▶ DATASET RECORDS:
******
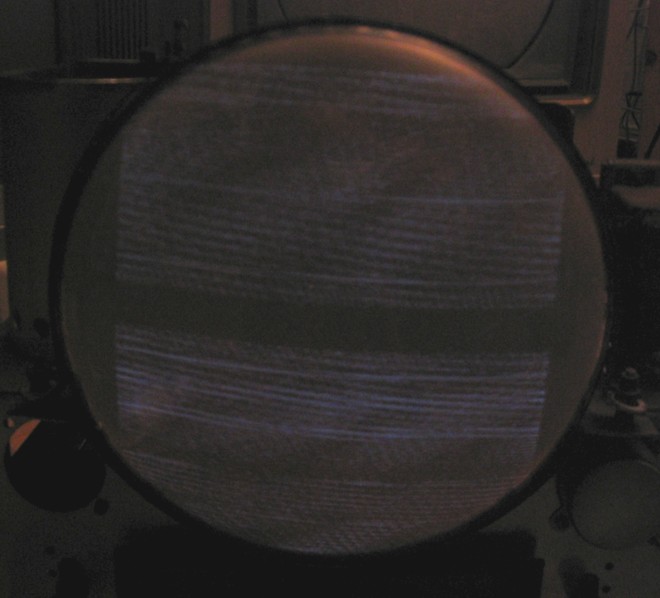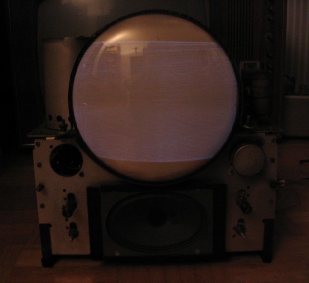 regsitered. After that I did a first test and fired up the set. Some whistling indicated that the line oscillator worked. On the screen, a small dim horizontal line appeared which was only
******
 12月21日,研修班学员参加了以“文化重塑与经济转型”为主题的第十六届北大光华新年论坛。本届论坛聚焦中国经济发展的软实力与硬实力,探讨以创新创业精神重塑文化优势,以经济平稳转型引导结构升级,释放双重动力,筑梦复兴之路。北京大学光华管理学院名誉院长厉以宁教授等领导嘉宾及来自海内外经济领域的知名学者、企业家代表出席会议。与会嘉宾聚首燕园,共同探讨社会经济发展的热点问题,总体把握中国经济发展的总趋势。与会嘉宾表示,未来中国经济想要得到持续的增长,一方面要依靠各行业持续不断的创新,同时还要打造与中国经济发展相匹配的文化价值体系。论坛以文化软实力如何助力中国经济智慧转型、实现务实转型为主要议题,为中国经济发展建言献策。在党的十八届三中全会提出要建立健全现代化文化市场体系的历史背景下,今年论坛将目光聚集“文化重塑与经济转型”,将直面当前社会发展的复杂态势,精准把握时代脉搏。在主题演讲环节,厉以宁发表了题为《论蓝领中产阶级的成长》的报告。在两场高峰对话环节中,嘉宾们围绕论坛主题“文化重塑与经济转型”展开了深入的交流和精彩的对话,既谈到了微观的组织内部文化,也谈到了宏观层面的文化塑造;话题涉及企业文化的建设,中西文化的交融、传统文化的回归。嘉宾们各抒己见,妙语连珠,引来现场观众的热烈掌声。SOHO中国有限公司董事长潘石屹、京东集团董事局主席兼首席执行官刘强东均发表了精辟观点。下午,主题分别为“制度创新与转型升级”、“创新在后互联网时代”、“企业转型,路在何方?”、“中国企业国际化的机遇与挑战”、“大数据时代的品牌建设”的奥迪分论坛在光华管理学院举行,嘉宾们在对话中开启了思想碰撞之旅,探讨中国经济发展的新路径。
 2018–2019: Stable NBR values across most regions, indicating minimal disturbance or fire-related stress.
******
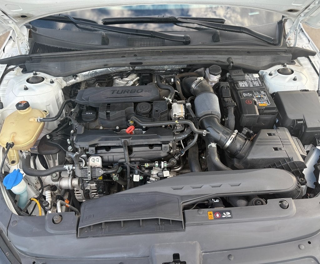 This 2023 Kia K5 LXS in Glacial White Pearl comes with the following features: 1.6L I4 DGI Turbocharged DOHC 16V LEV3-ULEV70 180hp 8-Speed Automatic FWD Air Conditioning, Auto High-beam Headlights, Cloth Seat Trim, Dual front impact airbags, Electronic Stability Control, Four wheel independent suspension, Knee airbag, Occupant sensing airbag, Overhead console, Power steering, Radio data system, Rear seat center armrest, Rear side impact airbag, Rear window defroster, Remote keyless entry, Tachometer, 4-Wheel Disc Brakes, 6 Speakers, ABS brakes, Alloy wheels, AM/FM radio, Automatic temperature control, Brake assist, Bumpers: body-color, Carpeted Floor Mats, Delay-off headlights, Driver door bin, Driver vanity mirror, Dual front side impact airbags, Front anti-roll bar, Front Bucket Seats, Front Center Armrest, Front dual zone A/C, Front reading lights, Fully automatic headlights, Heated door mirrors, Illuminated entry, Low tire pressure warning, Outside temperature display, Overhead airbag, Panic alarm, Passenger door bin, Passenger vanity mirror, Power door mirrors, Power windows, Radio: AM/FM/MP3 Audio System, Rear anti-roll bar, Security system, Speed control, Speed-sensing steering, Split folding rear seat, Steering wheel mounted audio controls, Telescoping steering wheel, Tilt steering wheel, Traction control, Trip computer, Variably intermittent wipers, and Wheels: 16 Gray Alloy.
******
▶ YOUR INSTRUCTIONS: After locating the line with "12月21日,研修班学员参加" above, return that line and every later line through the one with "2018–2019: Stable NBR", word for word and with nothing else.

▶ YOUR SOLUTION:
 12月21日,研修班学员参加了以“文化重塑与经济转型”为主题的第十六届北大光华新年论坛。本届论坛聚焦中国经济发展的软实力与硬实力,探讨以创新创业精神重塑文化优势,以经济平稳转型引导结构升级,释放双重动力,筑梦复兴之路。北京大学光华管理学院名誉院长厉以宁教授等领导嘉宾及来自海内外经济领域的知名学者、企业家代表出席会议。与会嘉宾聚首燕园,共同探讨社会经济发展的热点问题,总体把握中国经济发展的总趋势。与会嘉宾表示,未来中国经济想要得到持续的增长,一方面要依靠各行业持续不断的创新,同时还要打造与中国经济发展相匹配的文化价值体系。论坛以文化软实力如何助力中国经济智慧转型、实现务实转型为主要议题,为中国经济发展建言献策。在党的十八届三中全会提出要建立健全现代化文化市场体系的历史背景下,今年论坛将目光聚集“文化重塑与经济转型”,将直面当前社会发展的复杂态势,精准把握时代脉搏。在主题演讲环节,厉以宁发表了题为《论蓝领中产阶级的成长》的报告。在两场高峰对话环节中,嘉宾们围绕论坛主题“文化重塑与经济转型”展开了深入的交流和精彩的对话,既谈到了微观的组织内部文化,也谈到了宏观层面的文化塑造;话题涉及企业文化的建设,中西文化的交融、传统文化的回归。嘉宾们各抒己见,妙语连珠,引来现场观众的热烈掌声。SOHO中国有限公司董事长潘石屹、京东集团董事局主席兼首席执行官刘强东均发表了精辟观点。下午,主题分别为“制度创新与转型升级”、“创新在后互联网时代”、“企业转型,路在何方?”、“中国企业国际化的机遇与挑战”、“大数据时代的品牌建设”的奥迪分论坛在光华管理学院举行,嘉宾们在对话中开启了思想碰撞之旅,探讨中国经济发展的新路径。
 2018–2019: Stable NBR values across most regions, indicating minimal disturbance or fire-related stress.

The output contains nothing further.